DeepGraphLearning / torchdrug

A powerful and flexible machine learning platform for drug discovery
https://torchdrug.ai/
Apache License 2.0
1.42k stars 198 forks source link

ProteinLigandDataset.loadsequence optimization #138

Open peiyaoli opened 1 year ago

peiyaoli commented 1 year ago

Hi, thanks for the contribution on this library, especially the TorchProtein part.

One suggestion would be loadsequence optimization. In current implementation:

 for i, (sequence, smile) in enumerate(zip(sequences, smiles)):
            if i >= cum_num_samples[_cur_split]:
                _cur_split += 1
            if not self.lazy or len(self.data) == 0:
                protein = data.Protein.from_sequence(sequence, **kwargs)
                mol = Chem.MolFromSmiles(smile)
                if not mol:
                    logger.debug("Can't construct molecule from SMILES `%s`. Ignore this sample." % smile)
                    num_samples[_cur_split] -= 1
                    continue
                mol = data.Molecule.from_molecule(mol)
            else:
                protein = None
                mol = None
            if attributes is not None:
                with protein.graph():
                    for field in attributes:
                        setattr(protein, field, attributes[field][i])
            self.data.append([protein, mol])
            self.sequences.append(sequence)
            self.smiles.append(smile)
            for field in targets:
                self.targets[field].append(targets[field][i])
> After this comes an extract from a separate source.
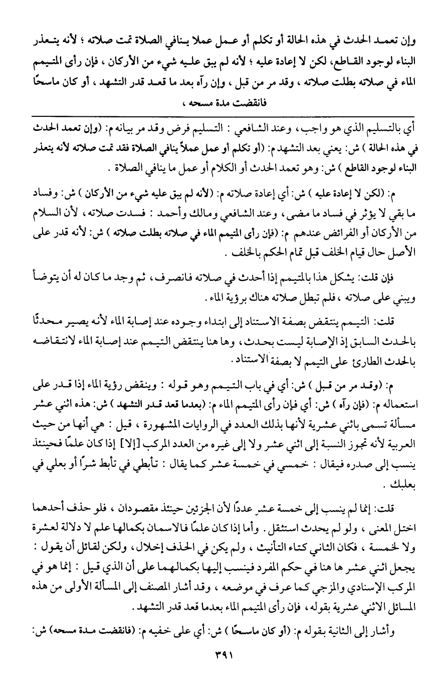 قلت: إنما لم ينسب إلى خمسة عشر عددا؛ لأن الجزأين حينئذ مقصودان، فلو حذف أحدهما اختل المعنى، ولو لم يحدث استثقل. وأما إذا كان علما فالاسمان بكمالها علم لا دلالة لعشرة ولا لخمسة، فكان الثاني كتاء التأنيث، ولم يكن في الحذف إخلال، ولكن لقائل أن يقول: يجعل اثني عشر هاهنا في حكم المفرد فينسب إليها بكمالهما على أن الذي قيل: إنما هو في المركب الإسنادي والمزجي كما عرف في موضعه، وقد أشار المصنف إلى المسألة الأولى من هذه المسائل الاثني عشرية بقوله، فإن رأى المتيمم الماء بعدما قعد قدر التشهد.

we have to iterate all the samples and generate the protein and mol.

If this comes from biochemical datasets, in which compounds and proteins have lots of combinations, then the code makes sense.

However, for some special cases, for instance the kinase profiling datasets. Only hundreds of protein sequences and drug protein would be included, but the samples would be ~100K. Then this solution is too slow.

One suggestion is to create a dictionary for all proteins and compounds. If it has been converted, then no more computation is required.

Oxer11 commented 1 year ago

Hi!

Thanks very much for the useful suggestion! You're right that the memory can be saved by loading proteins and ligands once and use dictionaries to index them. We indeed want to do this for some other huge datasets. For protein-ligand datasets, we think that they are small enough to handle even with the current implementation, since we only construct protein sequences rather than structures.

We'll consider how to improve the implementation in the future development. Thanks very much!